The book concludes with this final summary:
Impediments to future growth
Lack of knowledge by government regulators and legislators
Foremost is the failure of the European Commission and many European
governments to recognize the art economy as a significant source of
employment and export earnings, which generates learning and does
not require public subsidy.
The European Commission has not implemented a basic economic
principle: When considering the application of taxation and regulatory
strictures on a global trading sector, analysis should be made of the
implications of those taxes and restrictions on the international flow of
business.
The failure to gather comprehensive economic data and provide
timely analysis based on consistent nomenclature is a key indicator of
the Commission's lack of interest in the European art market.
In general, European taxes and regulatory structures have led to a widely
held perception that Europe is a complicated, costly place to do business.
Even without the special taxes now being levied on the trade in art and
antiques at the EU level, the marginal tax rates on earned income and
capital gains tax rates in a number of EU countries appear to be in
danger of stifling the formation of capital and the creation of wealth.

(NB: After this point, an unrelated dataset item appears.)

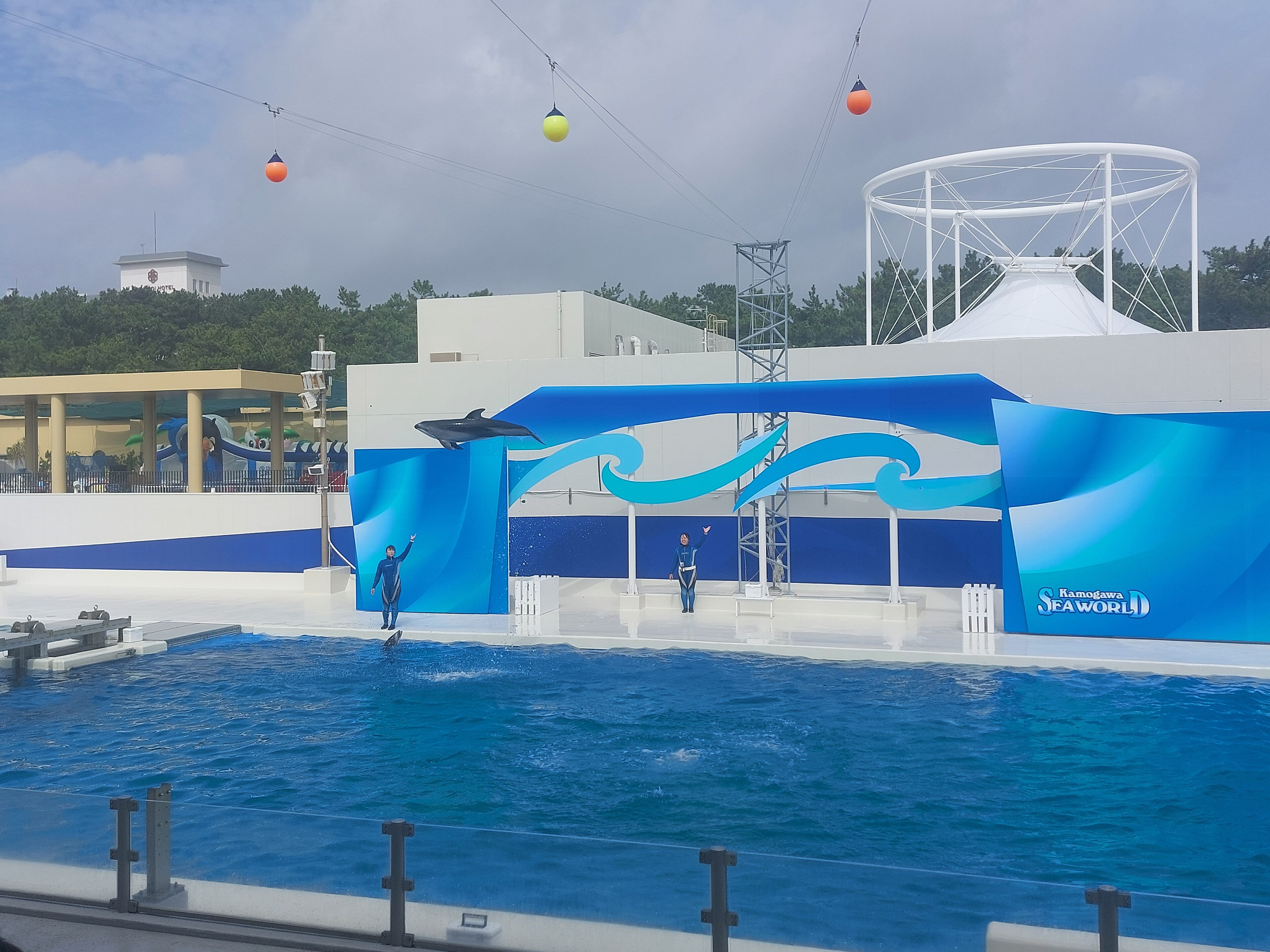 入場してすぐにイルカのショーがあるサーフスタジアムに行きました。

During depth interviews and in polling results, dealers in Europe often
report the ways they feel they have been pushed into avoiding what
they see as the strangulation of initiative by regulations and taxation
brought about for no apparent greater good, and often at odds with
sound public policy and common sense.
Dealers in different countries describe a common European plight:
that the totality of taxation and regulatory strictures makes it unlikely
if not impossible for newer dealers to create sufficient economic mass
for their heirs to be able to continue in the business, preserving
knowledge, trading patterns, and an element of social continuity.

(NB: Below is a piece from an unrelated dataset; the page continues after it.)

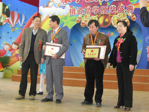 4月7日,由琅岐经济区管委会主办的“家乡因你而美丽”捐资助学颁奖典礼在吴庄华侨小学隆重举行,表彰带头慷慨捐资吴庄华侨小学建设的林清华先生、林清武先生、林良顺先生、林善举先生等四位华侨代表。省侨办俞泓斌处长和市侨办李锋主任代表福建省人民政府为他们授牌匾及荣誉证书。

Any additional restrictions on the movement of art across national
boundaries, in response to taxation or heritage concerns, would
further add to the costs and regulatory burdens borne by the European
art market.
Lack of Technology Investment
In many other sectors, industry leaders have been able to establish
effective communication networks. These have served to inform
members very rapidly of pending legislative peril, or to expedite the
rapid diffusion of market intelligence. In many instances, it has been
possible to link pools of critical inventory so that both commodity items
and high priced specialty supplies could be accessed by all key market
makers in a highly efficient manner.
The art trade has lacked this sort of infrastructure and, despite
its global reach, still relies on inefficient communication and reporting
of critical information within the sector. Much of this situation could be
corrected by a higher level of technology investment by dealers, especially,
but also by trade associations that could serve an enhanced role. Across the
trade, dealers spend about 1% of total sales on technology for hardware,
software and consultants combined. When compared with other knowledge businesses,
the art sector invests too little.
Lack of Institutional Business Infrastructure and Capital Formation
Although about 30% of all trade in the sector is between commercial
entities - dealers buying and selling among themselves and through the
auction houses - there is virtually no specialized distribution channel or
infrastructure dedicated to serve the sizable institutional trade. Neither
technology platforms nor banking facilities exist on a suitable scale to
facilitate such intra-trade commerce.
Because of very high levels of taxation that discourage entrepreneurship
and the accumulation of wealth in Europe, younger art dealers cannot grow
their businesses competitively. In a knowledge business such as the art trade,
economic forces that harm the continuity of an orderly succession of rising leaders
effectively disrupt the flow of its very life blood.